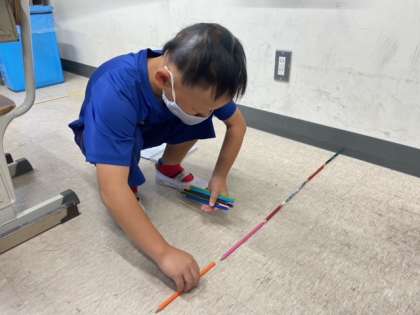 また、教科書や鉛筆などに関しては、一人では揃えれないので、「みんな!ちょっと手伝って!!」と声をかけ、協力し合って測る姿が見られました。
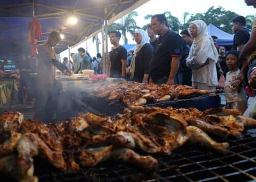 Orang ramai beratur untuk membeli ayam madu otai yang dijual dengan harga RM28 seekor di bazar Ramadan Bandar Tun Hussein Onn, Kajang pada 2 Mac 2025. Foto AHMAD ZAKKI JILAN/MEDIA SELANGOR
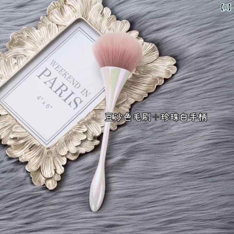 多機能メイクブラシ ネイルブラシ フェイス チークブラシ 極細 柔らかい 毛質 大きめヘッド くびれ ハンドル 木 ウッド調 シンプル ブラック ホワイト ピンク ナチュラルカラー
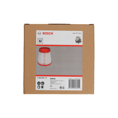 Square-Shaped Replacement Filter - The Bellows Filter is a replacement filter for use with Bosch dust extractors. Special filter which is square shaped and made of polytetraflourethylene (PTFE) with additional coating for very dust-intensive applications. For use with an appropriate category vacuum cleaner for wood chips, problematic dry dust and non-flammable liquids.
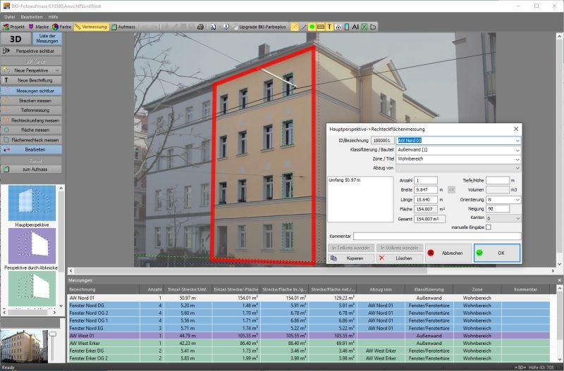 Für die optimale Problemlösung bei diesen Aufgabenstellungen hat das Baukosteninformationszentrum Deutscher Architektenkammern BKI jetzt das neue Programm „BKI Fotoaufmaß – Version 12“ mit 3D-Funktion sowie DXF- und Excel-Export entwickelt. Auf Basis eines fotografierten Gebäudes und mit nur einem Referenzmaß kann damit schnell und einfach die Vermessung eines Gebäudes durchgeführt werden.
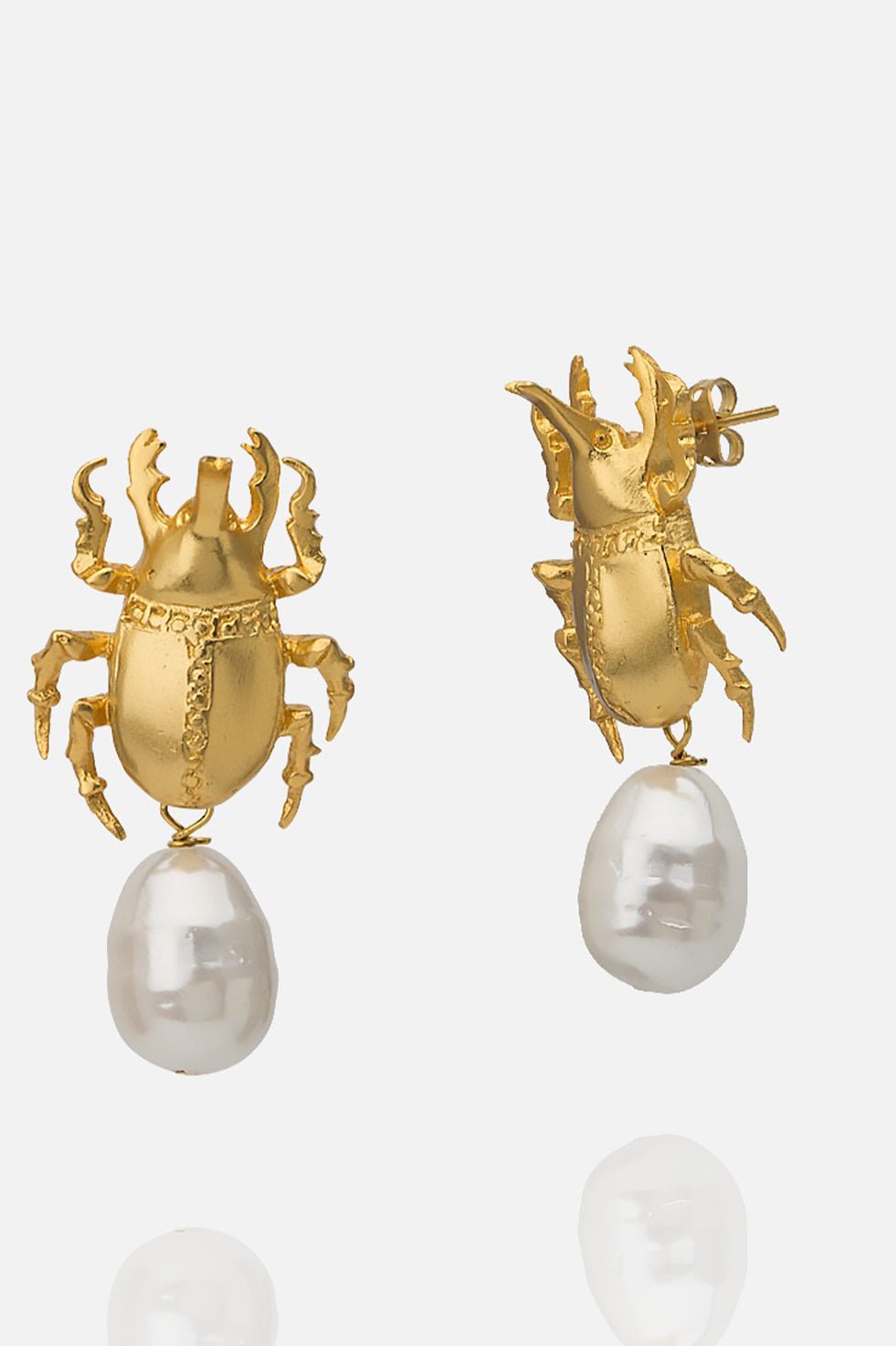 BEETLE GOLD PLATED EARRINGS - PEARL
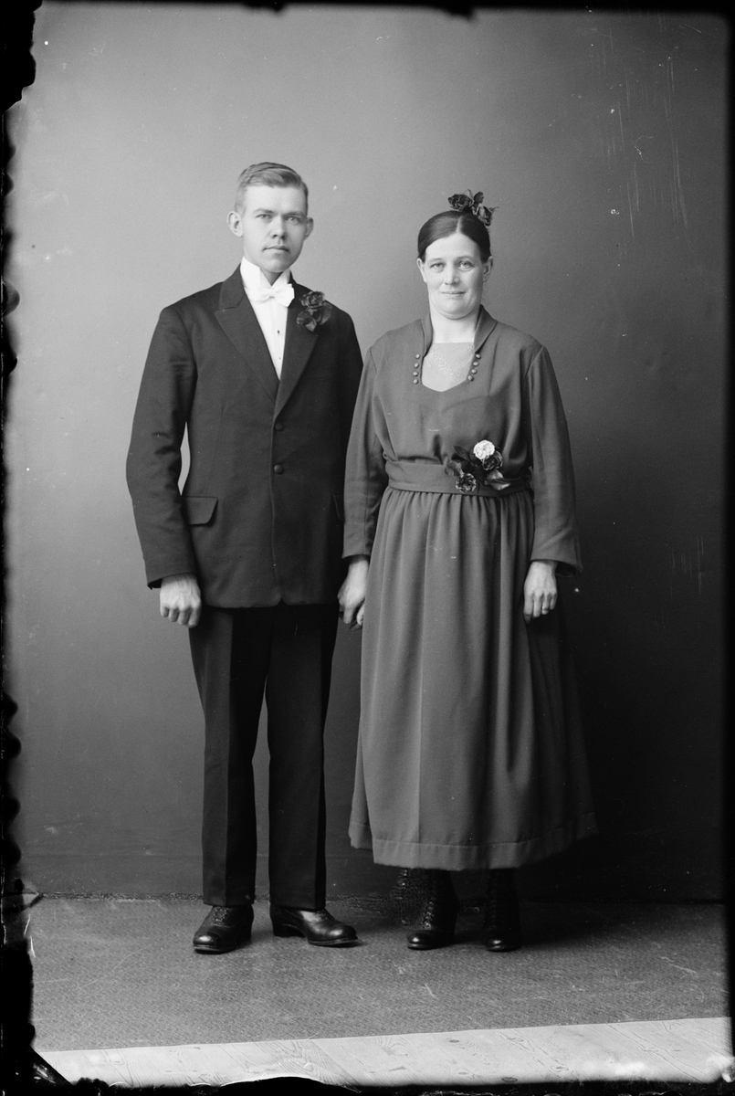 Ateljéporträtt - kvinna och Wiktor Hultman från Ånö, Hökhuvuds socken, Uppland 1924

**Exercise directions**
Exactly the lines from the one containing "Orang ramai beratur" to the final line of the entries are wanted; please write them out, both ends included, but not the pictures.

**Solution for this task**
 Orang ramai beratur untuk membeli ayam madu otai yang dijual dengan harga RM28 seekor di bazar Ramadan Bandar Tun Hussein Onn, Kajang pada 2 Mac 2025. Foto AHMAD ZAKKI JILAN/MEDIA SELANGOR
 多機能メイクブラシ ネイルブラシ フェイス チークブラシ 極細 柔らかい 毛質 大きめヘッド くびれ ハンドル 木 ウッド調 シンプル ブラック ホワイト ピンク ナチュラルカラー
 Square-Shaped Replacement Filter - The Bellows Filter is a replacement filter for use with Bosch dust extractors. Special filter which is square shaped and made of polytetraflourethylene (PTFE) with additional coating for very dust-intensive applications. For use with an appropriate category vacuum cleaner for wood chips, problematic dry dust and non-flammable liquids.
 Für die optimale Problemlösung bei diesen Aufgabenstellungen hat das Baukosteninformationszentrum Deutscher Architektenkammern BKI jetzt das neue Programm „BKI Fotoaufmaß – Version 12“ mit 3D-Funktion sowie DXF- und Excel-Export entwickelt. Auf Basis eines fotografierten Gebäudes und mit nur einem Referenzmaß kann damit schnell und einfach die Vermessung eines Gebäudes durchgeführt werden.
 BEETLE GOLD PLATED EARRINGS - PEARL
 Ateljéporträtt - kvinna och Wiktor Hultman från Ånö, Hökhuvuds socken, Uppland 1924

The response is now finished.